* PROBLEM REQUIREMENTS:
Leave out pictures; repeat exactly the lines from the "可以一键切换到功能板块,那里有多个工具箱可供选择,只需一键打开就能使用。" line through the last of the data below.

* Recorded data:

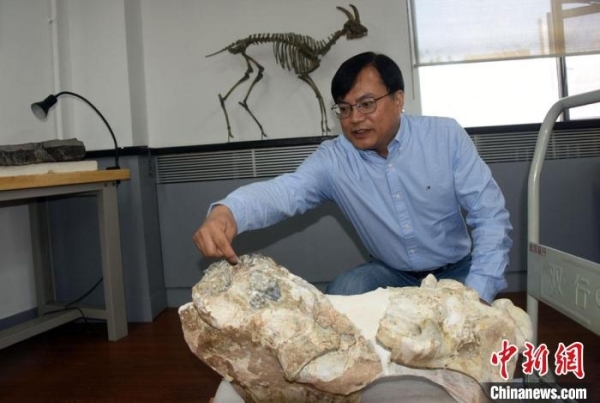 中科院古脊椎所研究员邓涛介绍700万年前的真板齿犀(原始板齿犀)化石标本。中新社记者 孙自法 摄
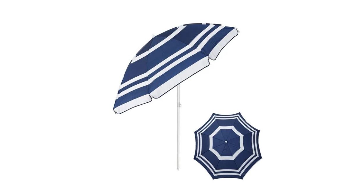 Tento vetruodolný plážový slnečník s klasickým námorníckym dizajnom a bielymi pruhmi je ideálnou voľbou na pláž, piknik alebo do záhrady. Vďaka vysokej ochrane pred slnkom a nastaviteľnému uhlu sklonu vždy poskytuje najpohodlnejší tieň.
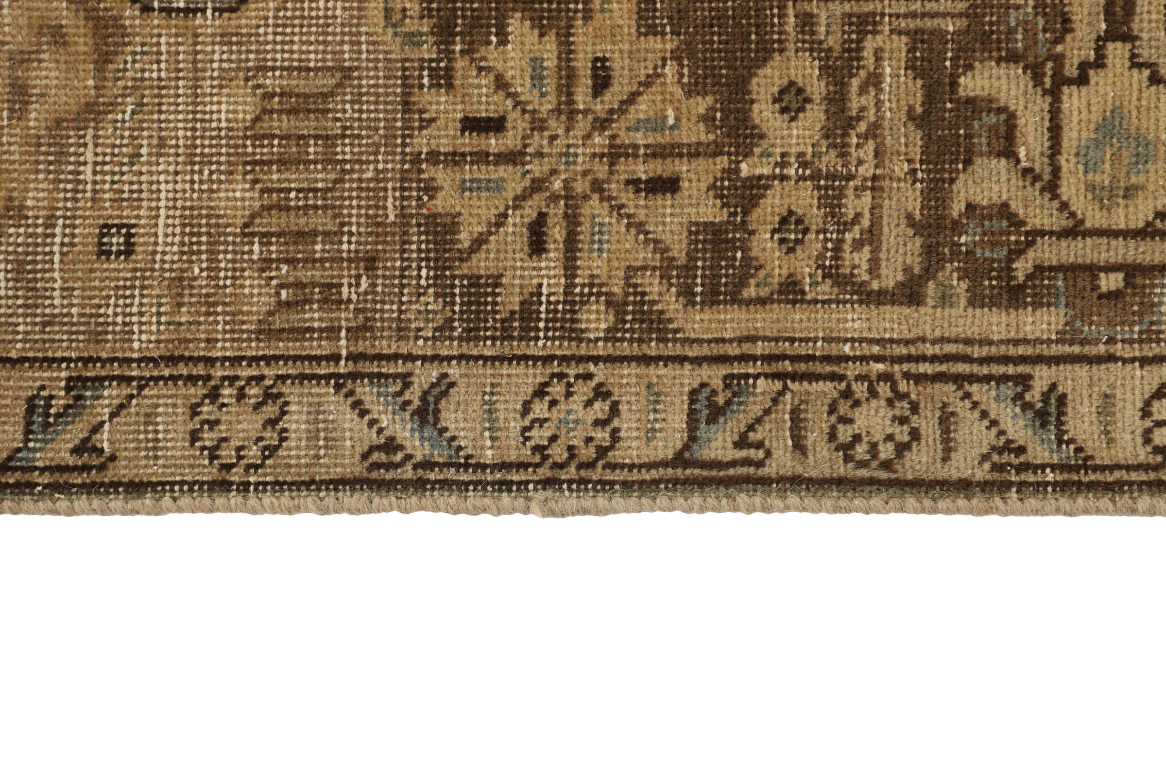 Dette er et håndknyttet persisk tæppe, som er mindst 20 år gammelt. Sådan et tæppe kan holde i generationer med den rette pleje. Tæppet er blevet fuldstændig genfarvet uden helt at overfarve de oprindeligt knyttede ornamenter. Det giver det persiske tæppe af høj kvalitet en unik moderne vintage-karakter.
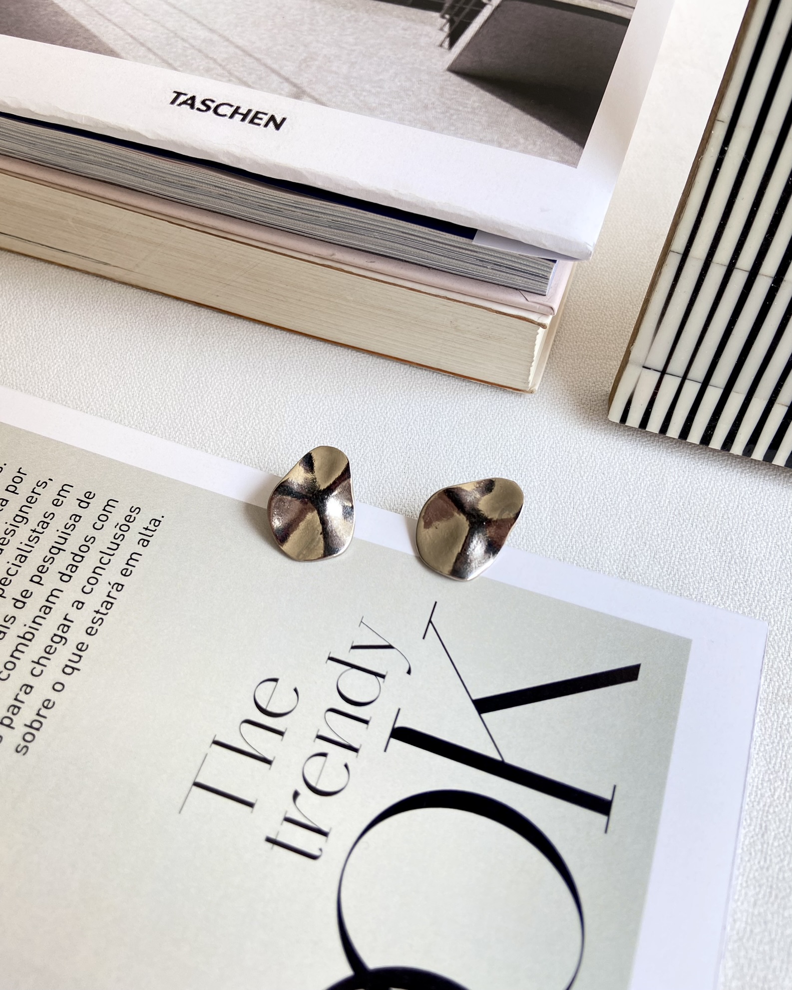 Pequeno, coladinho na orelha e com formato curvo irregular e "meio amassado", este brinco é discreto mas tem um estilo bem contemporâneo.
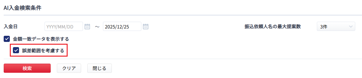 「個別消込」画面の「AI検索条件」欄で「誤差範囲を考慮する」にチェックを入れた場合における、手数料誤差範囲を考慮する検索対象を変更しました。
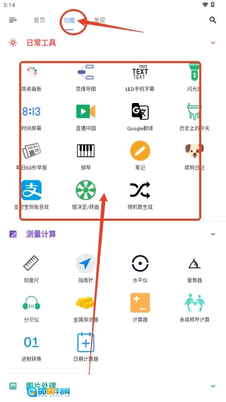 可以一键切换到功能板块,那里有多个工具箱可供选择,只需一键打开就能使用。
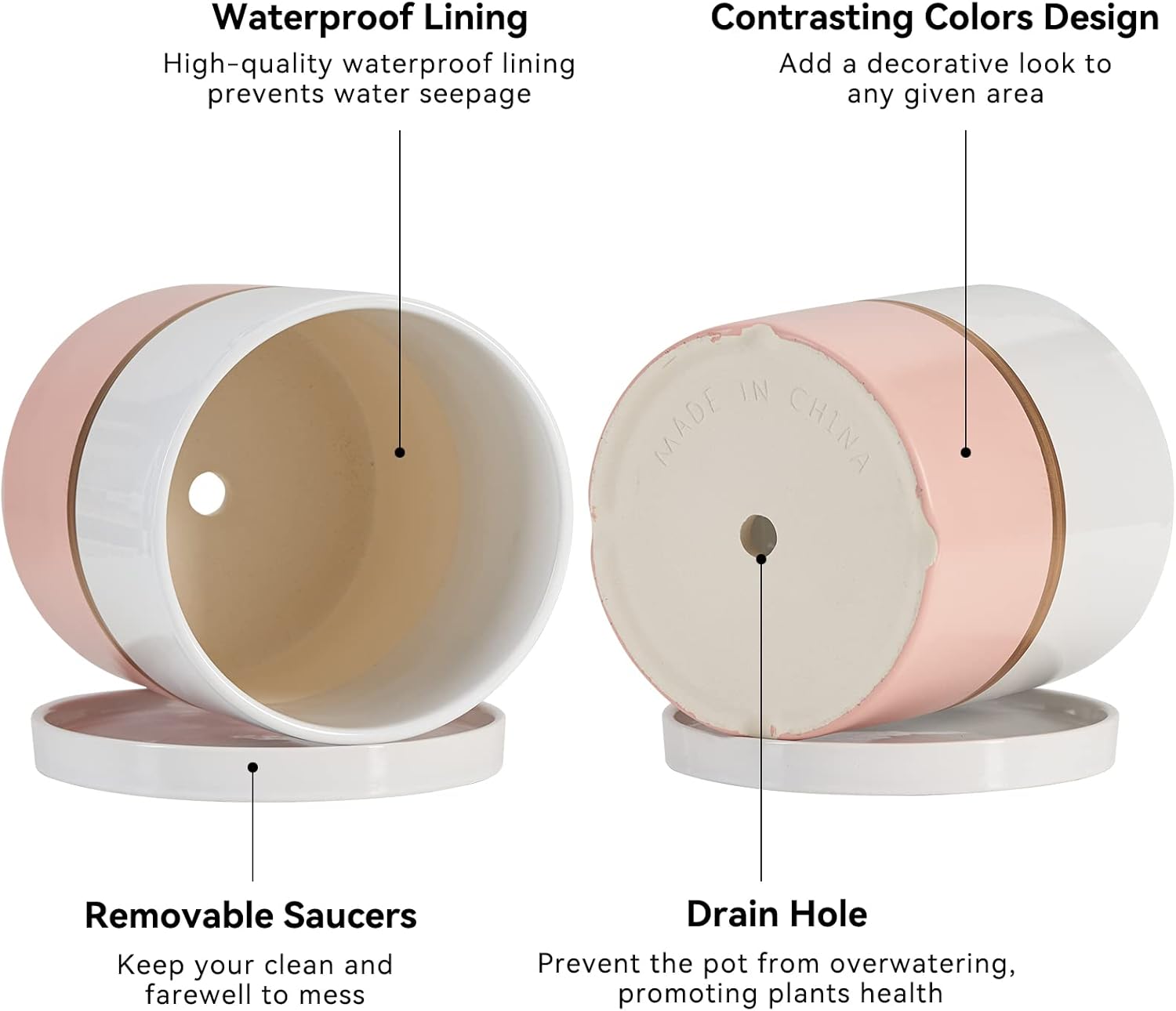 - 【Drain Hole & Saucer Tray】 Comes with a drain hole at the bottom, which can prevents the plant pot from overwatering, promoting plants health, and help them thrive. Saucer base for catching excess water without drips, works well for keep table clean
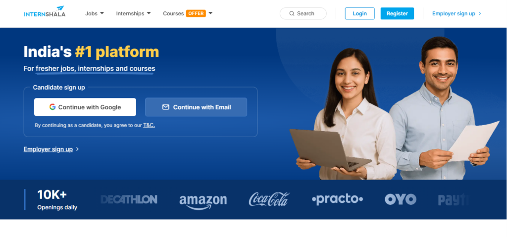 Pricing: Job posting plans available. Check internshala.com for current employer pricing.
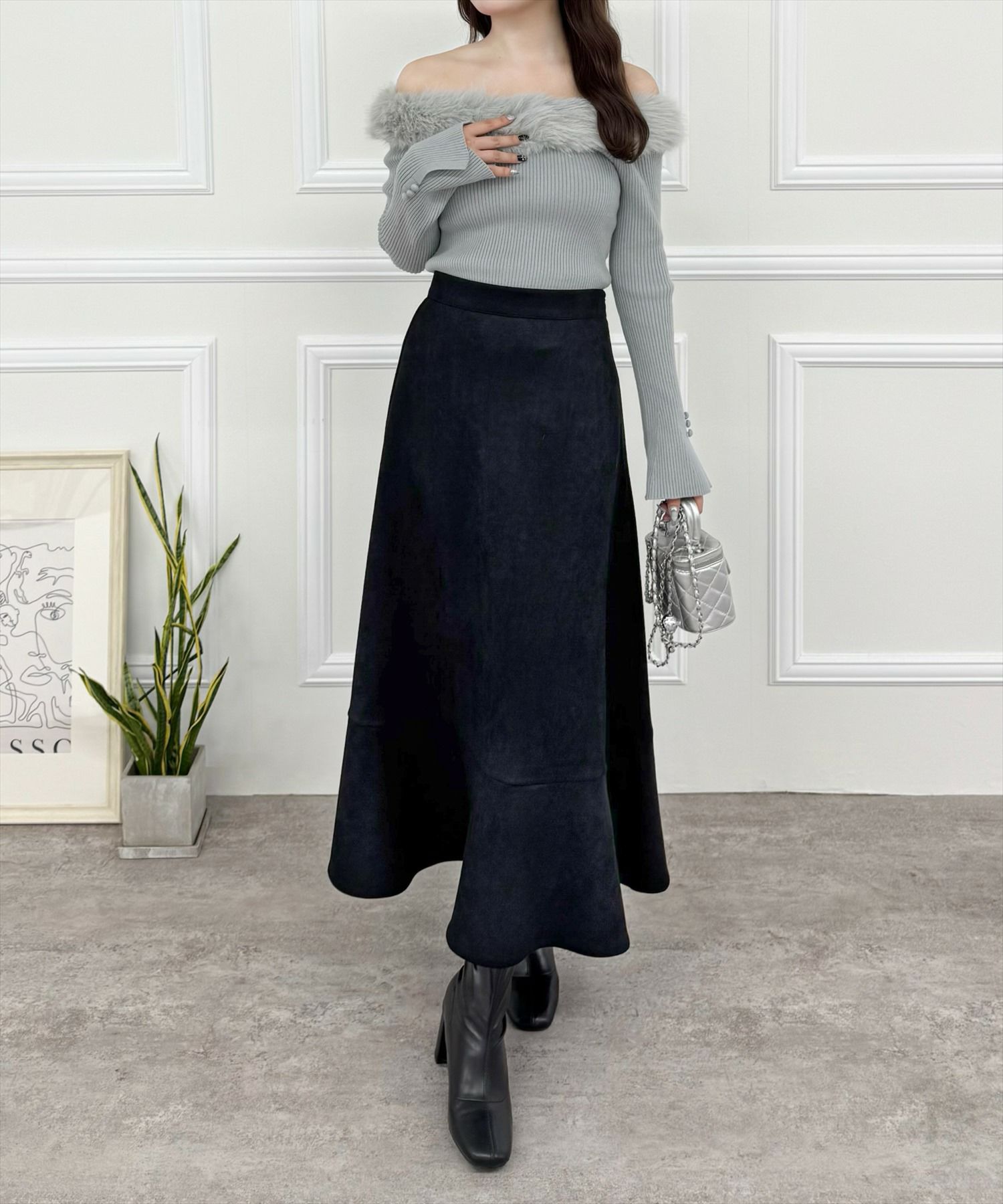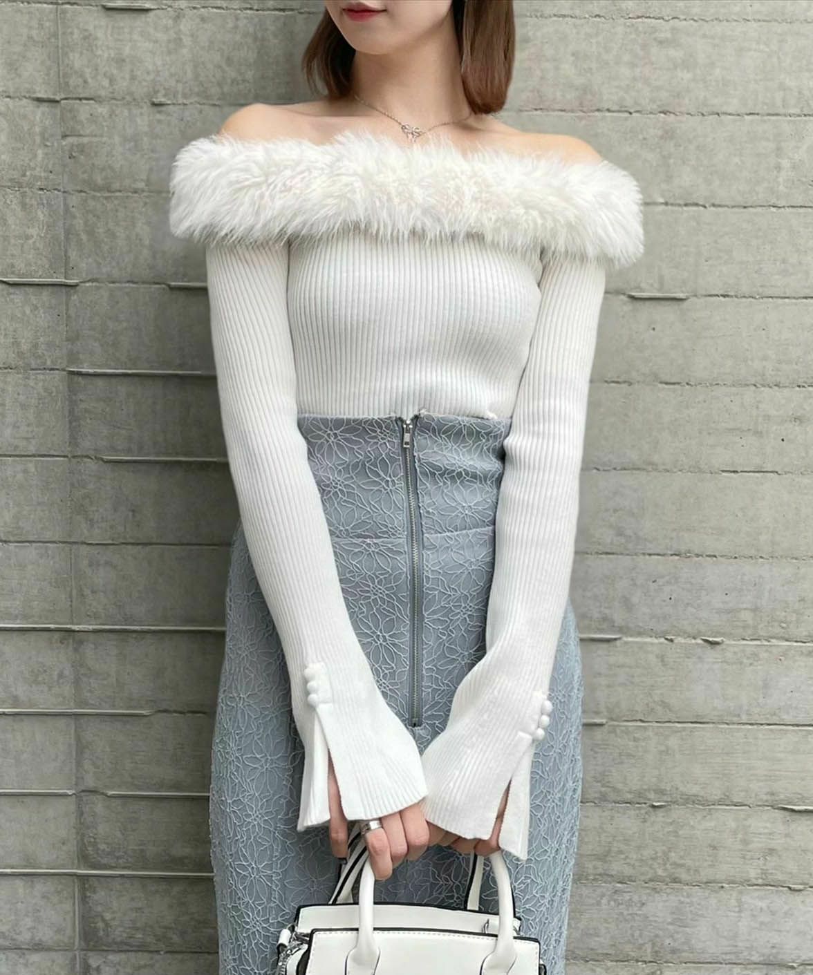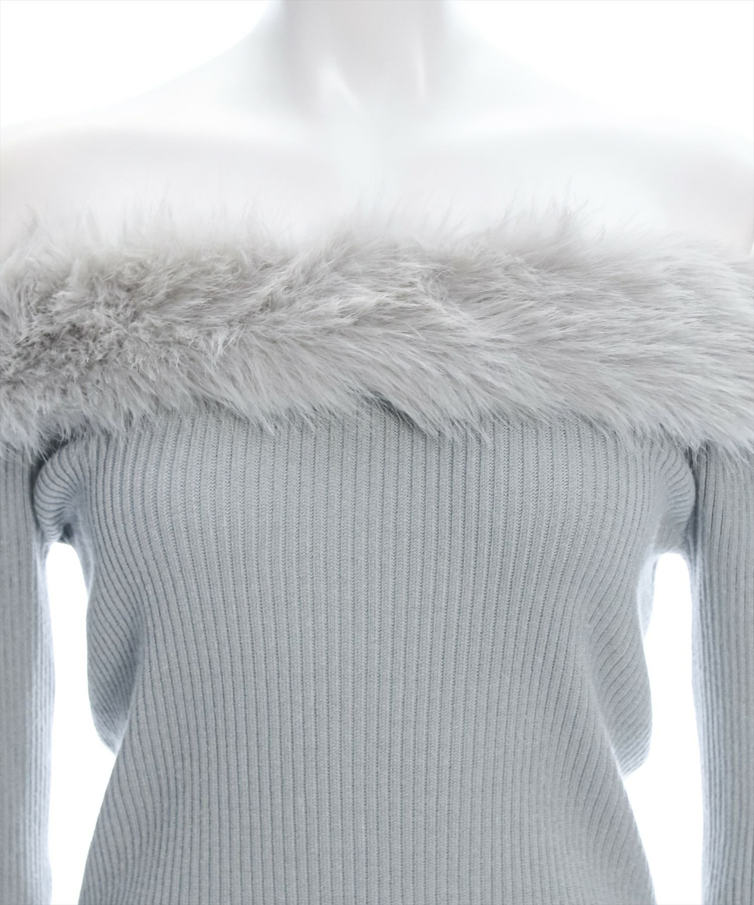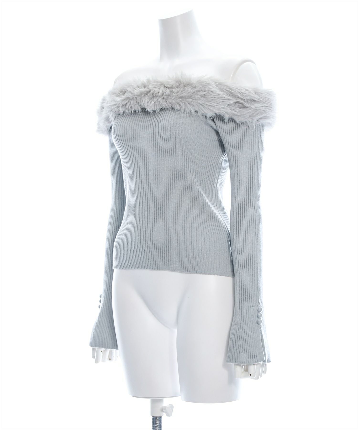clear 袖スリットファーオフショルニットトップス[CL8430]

* YOUR SOLUTION:
 可以一键切换到功能板块,那里有多个工具箱可供选择,只需一键打开就能使用。
 - 【Drain Hole & Saucer Tray】 Comes with a drain hole at the bottom, which can prevents the plant pot from overwatering, promoting plants health, and help them thrive. Saucer base for catching excess water without drips, works well for keep table clean
 Pricing: Job posting plans available. Check internshala.com for current employer pricing.
clear 袖スリットファーオフショルニットトップス[CL8430]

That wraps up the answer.